▶ Information shown:
========

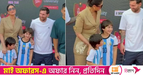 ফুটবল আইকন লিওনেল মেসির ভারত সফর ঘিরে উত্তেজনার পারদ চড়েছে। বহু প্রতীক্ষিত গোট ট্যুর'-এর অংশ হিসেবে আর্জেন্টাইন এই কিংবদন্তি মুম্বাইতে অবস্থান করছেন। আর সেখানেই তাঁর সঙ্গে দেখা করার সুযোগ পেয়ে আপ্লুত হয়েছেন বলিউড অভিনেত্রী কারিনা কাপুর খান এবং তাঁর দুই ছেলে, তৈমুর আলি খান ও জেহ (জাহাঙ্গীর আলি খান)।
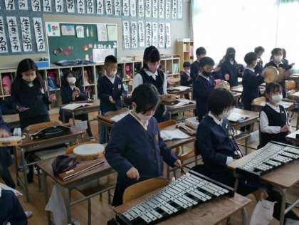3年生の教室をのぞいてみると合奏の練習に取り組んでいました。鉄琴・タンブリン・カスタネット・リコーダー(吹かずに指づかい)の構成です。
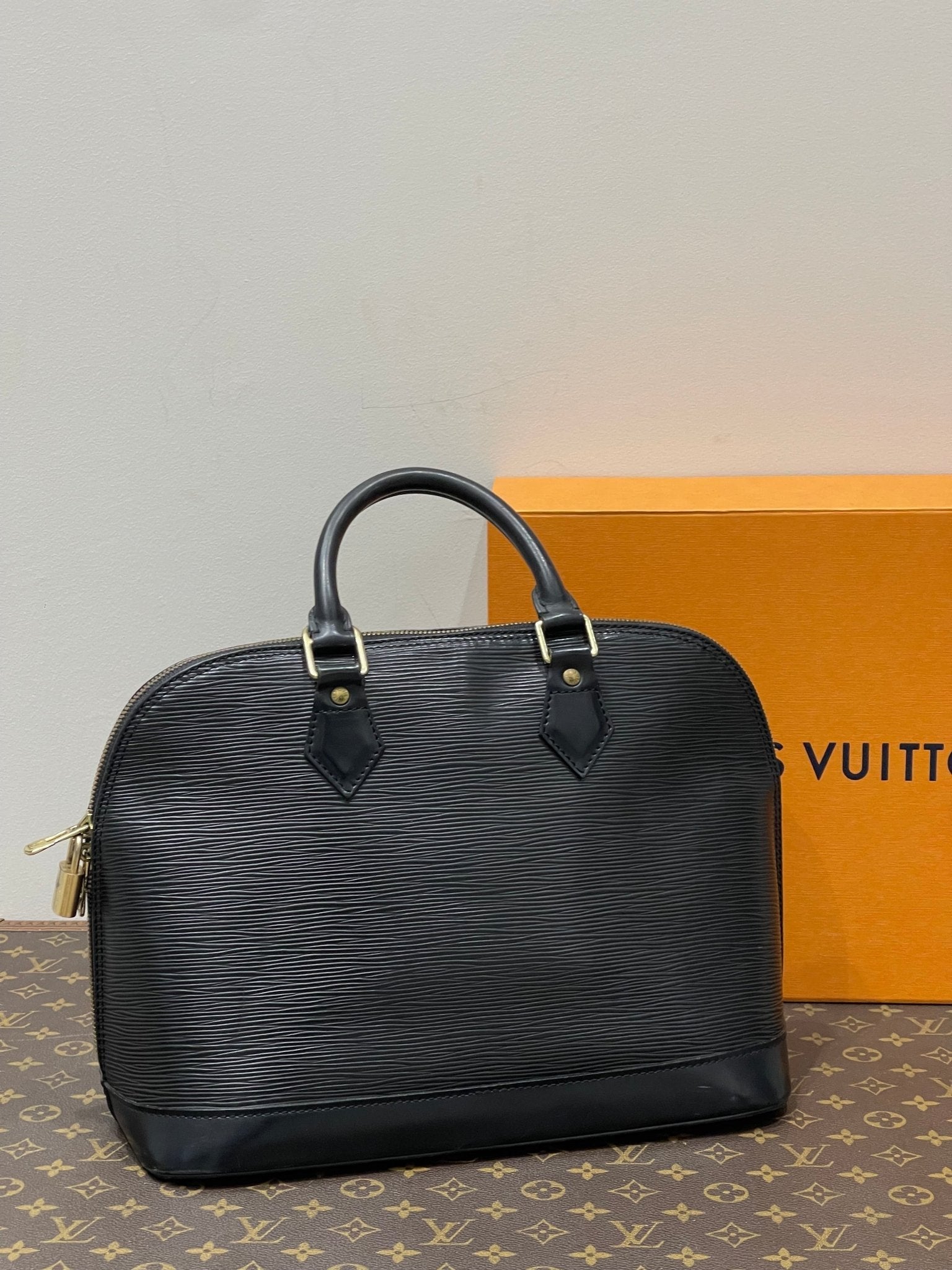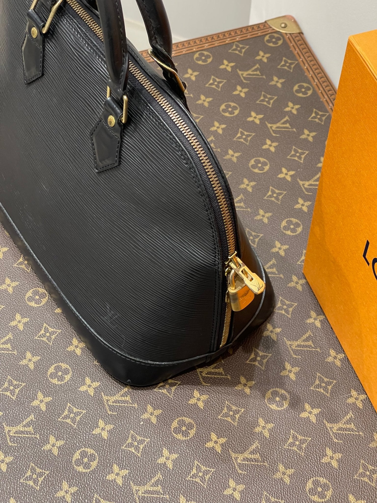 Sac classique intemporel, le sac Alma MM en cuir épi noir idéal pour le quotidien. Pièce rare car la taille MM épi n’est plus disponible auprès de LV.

========

An exact, word-for-word version of the material is required, free of pictures.

▶ The answer:
 ফুটবল আইকন লিওনেল মেসির ভারত সফর ঘিরে উত্তেজনার পারদ চড়েছে। বহু প্রতীক্ষিত গোট ট্যুর'-এর অংশ হিসেবে আর্জেন্টাইন এই কিংবদন্তি মুম্বাইতে অবস্থান করছেন। আর সেখানেই তাঁর সঙ্গে দেখা করার সুযোগ পেয়ে আপ্লুত হয়েছেন বলিউড অভিনেত্রী কারিনা কাপুর খান এবং তাঁর দুই ছেলে, তৈমুর আলি খান ও জেহ (জাহাঙ্গীর আলি খান)।
3年生の教室をのぞいてみると合奏の練習に取り組んでいました。鉄琴・タンブリン・カスタネット・リコーダー(吹かずに指づかい)の構成です。
 Sac classique intemporel, le sac Alma MM en cuir épi noir idéal pour le quotidien. Pièce rare car la taille MM épi n’est plus disponible auprès de LV.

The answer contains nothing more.